Extracted data ->
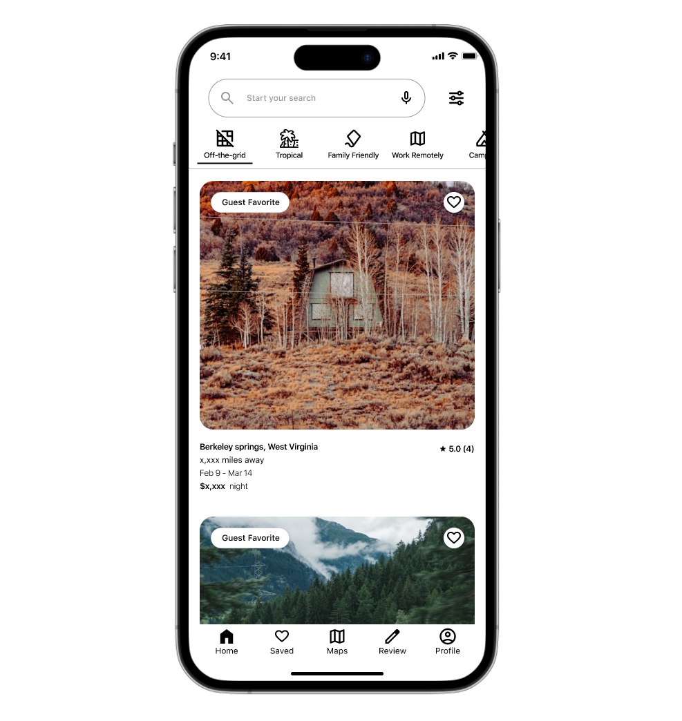 Core tasks: find remote stays, view map, read reviews, locate family-friendly options.
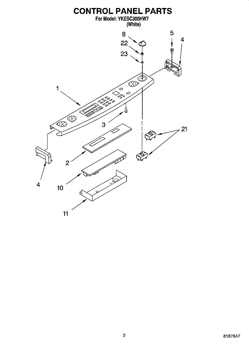 White control knob for electric cooktop burners. Replaces cracked, broken, or missing knobs. Installs on the front control panel for burner operation.
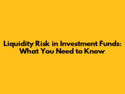 Liquidity Risk In Investment Funds: What You Need To Know
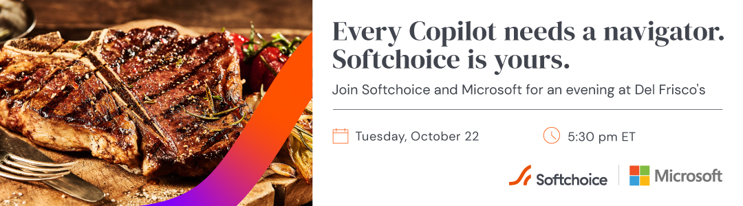 Join the Softchoice and Microsoft Copilot Roadshow in Philadelphia on Tuesday, October 22 at 5:30pm ET for an exclusive dinner and discussion inside a vault at the stylish and delectable Del Frisco's where we will share our personal learnings and Copilot knowledge with you.
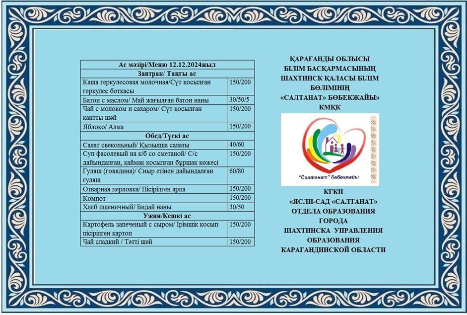 12.12.2024 жылға арналған тамақтану сомасы: 3 жасқа дейінгі бір балаға - 717.54 теңге; 3 жастан 6 жасқа дейінгі бір балаға - 851.99 теңге
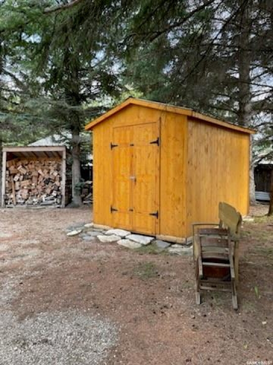 This is a fantastic opportunity to own this unique log home located at 109 Rustad Ave in White Fox, SK! Built in 2022 this property features an approx. 30'9”x42'9” storage area on the main floor with in-floor heat, and approximately 630 sq ft living quarters on the 2nd floor filled with wood finishes. There is an open concept kitchen/living room area and 1 cozy bedroom, plus a 3-pc bath. Most of the furniture can be included in the sale. Primary heat source for the building is the electric in-floor heat in the storage on the main floor, and the plug-in electric heaters upstairs. Plumbing for laundry is on the main floor. With 2 overhead doors and high ceilings on one side it provides various storage options. Property is located on 0.21 acre lot backing onto the fields, partially fenced and well treed, plus the yard is filled with tons of gravel for easy maintenance. White Fox is only 15 km to Nipawin Regional Park where you can launch your boat and enjoy fishing. Tobin Lake is known for the world class fishing. North-East Saskatchewan is known for good hunting and the great outdoors! Book the viewing today!
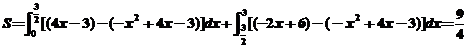 [分析]两条抛物线所围成的图形的面积,可以由以两条曲线所对应的曲边梯形的面积的差得到。
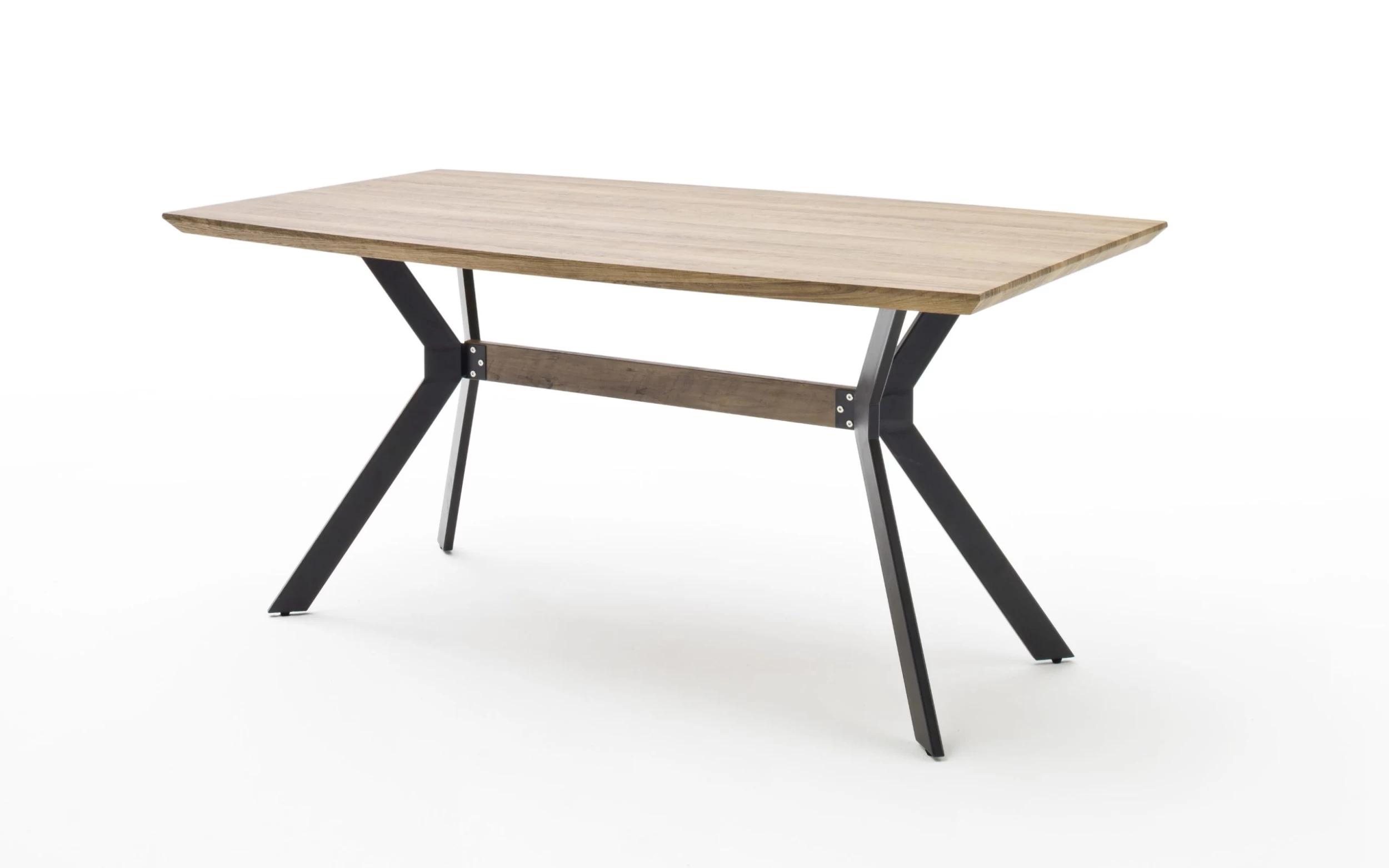 Ausführung der Tischplatte aus MDF in Wildeiche antik Nachbildung, in Bootsform, Kantrohr-Gestell in schwarz matt lackiert,
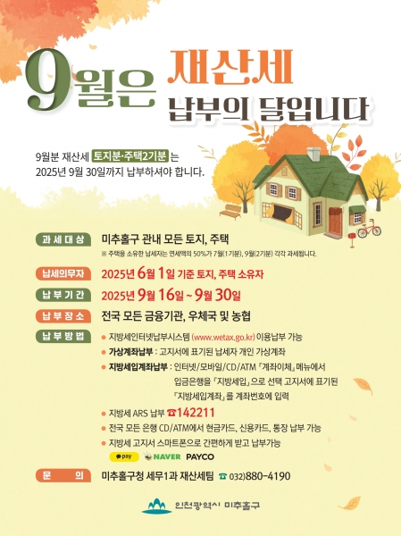 [금요저널] 인천 미추홀구는 9월 정기분 재산세 518억원, 21만 2천여 건을 부과했다고 16일 밝혔다.

Problem description -> In the data above, find the line with "Liquidity Risk In" and the line with "12.12.2024 жылға арналған". Please copy exactly those two lines and every line between them, but not the pictures.

Task answer ->
 Liquidity Risk In Investment Funds: What You Need To Know
 Join the Softchoice and Microsoft Copilot Roadshow in Philadelphia on Tuesday, October 22 at 5:30pm ET for an exclusive dinner and discussion inside a vault at the stylish and delectable Del Frisco's where we will share our personal learnings and Copilot knowledge with you.
 12.12.2024 жылға арналған тамақтану сомасы: 3 жасқа дейінгі бір балаға - 717.54 теңге; 3 жастан 6 жасқа дейінгі бір балаға - 851.99 теңге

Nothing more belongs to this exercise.